La répression n’a pas brisé l’Église. Au contraire, dans les années et décennies suivantes, elle semblait clairement gagner la lutte pour le règne des âmes contre les communistes. Cela fut confirmé en juin 1979 par la première visite de Jean-Paul II en Pologne. Sur la Place de la Victoire à Varsovie, le pape a appelé l’Esprit Saint à « renouveler le visage de cette terre ».

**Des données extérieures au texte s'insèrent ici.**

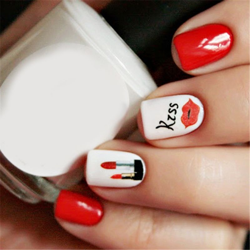 1 Sheet Red Lip Pattern Nail Water Decals Fashion Girl Lipstick Nail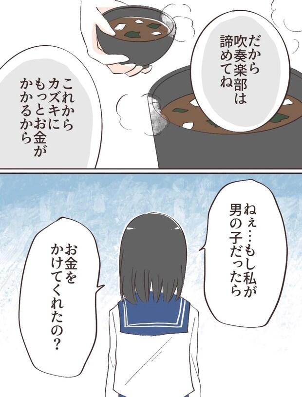 「だから吹奏楽部は諦めてね、これからカズキにもっとお金がかかるから」母のその言葉に、頭を殴られたような衝撃を受けました。カズキは男の子だから、何でも許されるの?女の子の私は、ただカズキの希望を叶えるために生きているの?胸に溜まった思いを堪えきれず、私は母に「ねぇ、もし私が男の子だったら、お金をかけてくれたの?」と問いかけました。

Ces paroles se sont matérialisées plusieurs mois plus tard : en août 1980, une vague de grèves a déferlé sur le pays tout entier. Les ouvriers exigeaient une amélioration de leurs conditions de vie, mais aussi – ce qui constituait une énorme violation du tabou de la dictature communiste – des syndicats libres, non inféodés au pouvoir en place.

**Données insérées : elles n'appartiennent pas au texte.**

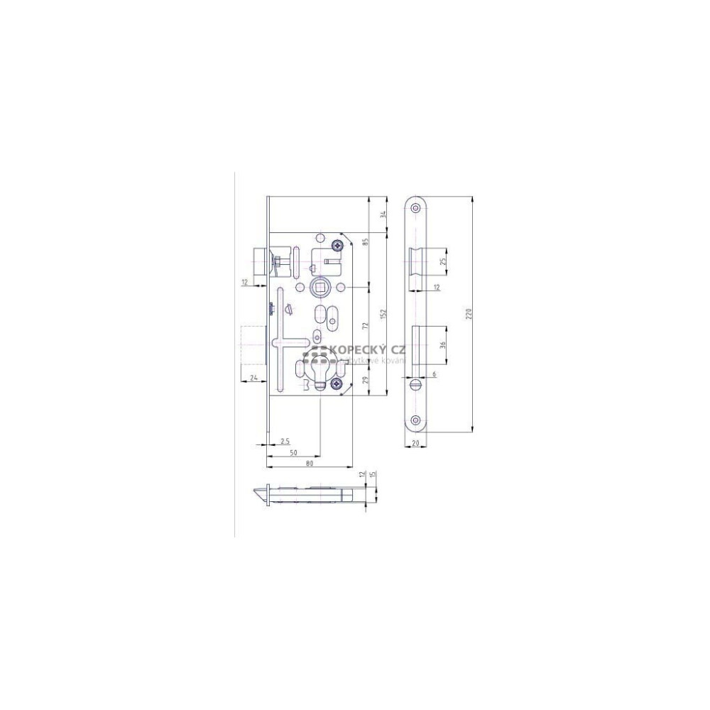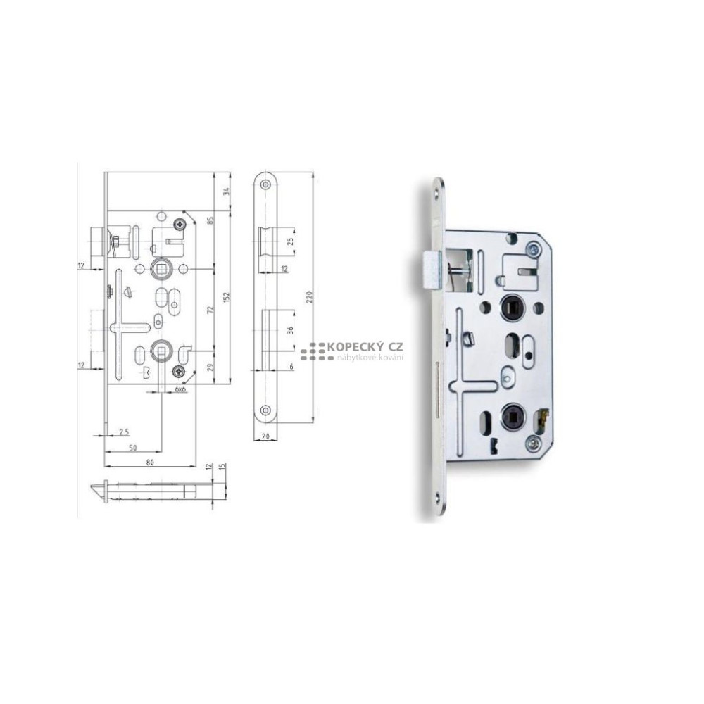 zámek K 135 72/80 L-P - WC, žlutý zinek

« La nouvelle du meurtre a fait une très forte impression également à l’étranger. “Toute l’Amérique partage la tristesse de la nation polonaise en apprenant la mort tragique du père Jerzy Popiełuszko”, a ainsi écrit dans une déclaration spéciale le président Ronald Reagan »

L’AUMÔNIER DE SOLIDARNOSC

Le jeune prêtre Popiełuszko n’a pas refusé quand, à ce moment d’effervescence, il fut envoyé à l’aciérie « Huta Warszawa » en grève pour y célébrer une messe sur un autel de fortune. Il s’y est rendu avec une grande appréhension, mais les ouvriers l’ont accueilli par des applaudissements.

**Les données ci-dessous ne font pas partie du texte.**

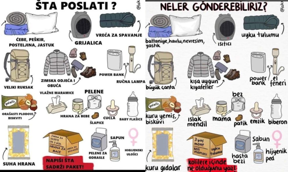 Na paketima bi bilo dobro napisati šta se u njima nalazi (konzervirana hrana, zimska odjeća, higijenske potrepštine, deke i sl.)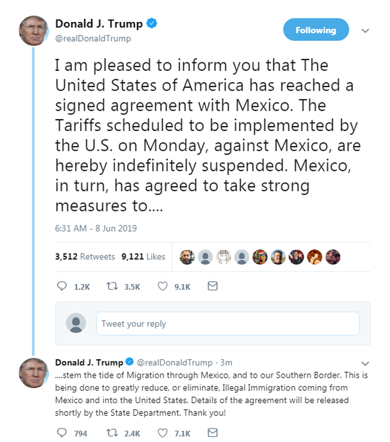 美东时间6月7日晚,美国总统特朗普宣布,目前已经与墨西哥达成贸易协议,原本定于下周一对其加征关税的措施将被」无限期暂停「(indefinitely suspended)。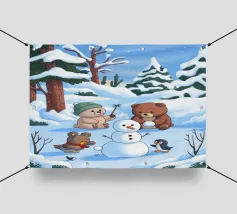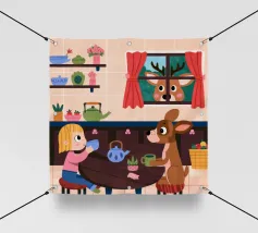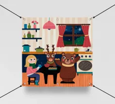 Dit kunstwerk toont een chagrijnige wolk met een gedachtewolkje met daarin een vogel en een beer. Het humoristische en fantasierijke tafereel speelt zich af tegen een zachtblauwe achtergrond.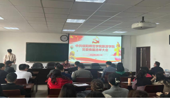 大会在庄严的国歌声中拉开帷幕。大会宣读了《关于同意中共信阳师范学院旅游学院委员会召开换届选举党员大会和新一届委员会委员及书记(副书记)候选人预备人选的批复》,由副院长胡宝珠代表党委向大会做工作报告,整个换届选举程序严格按照上级要求以及有关规定进行,选举产生新一届党委委员会委员。最后,旅游学院召开新一届党委会第一次会议,选举书记、副书记。

Les grèves ont rapidement conduit à la création de Solidarnosc (Solidarité), un syndicat fort de plusieurs millions d’adhérents, indépendant des autorités. Popiełuszko est devenu l’un de ses aumôniers. Il a également rendu visite à des étudiants en grève. « Toute la société est derrière vous. […] Je vous souhaite de tout mon cœur persévérance et victoire », a-t-il déclaré devant le public de l’École des officiers des sapeurs-pompiers de Varsovie. Leur protestation à l’automne 1981 fut réprimée par la force par les autorités communistes. À peine quelques jours plus tard, la nation tout entière a été traitée de la sorte.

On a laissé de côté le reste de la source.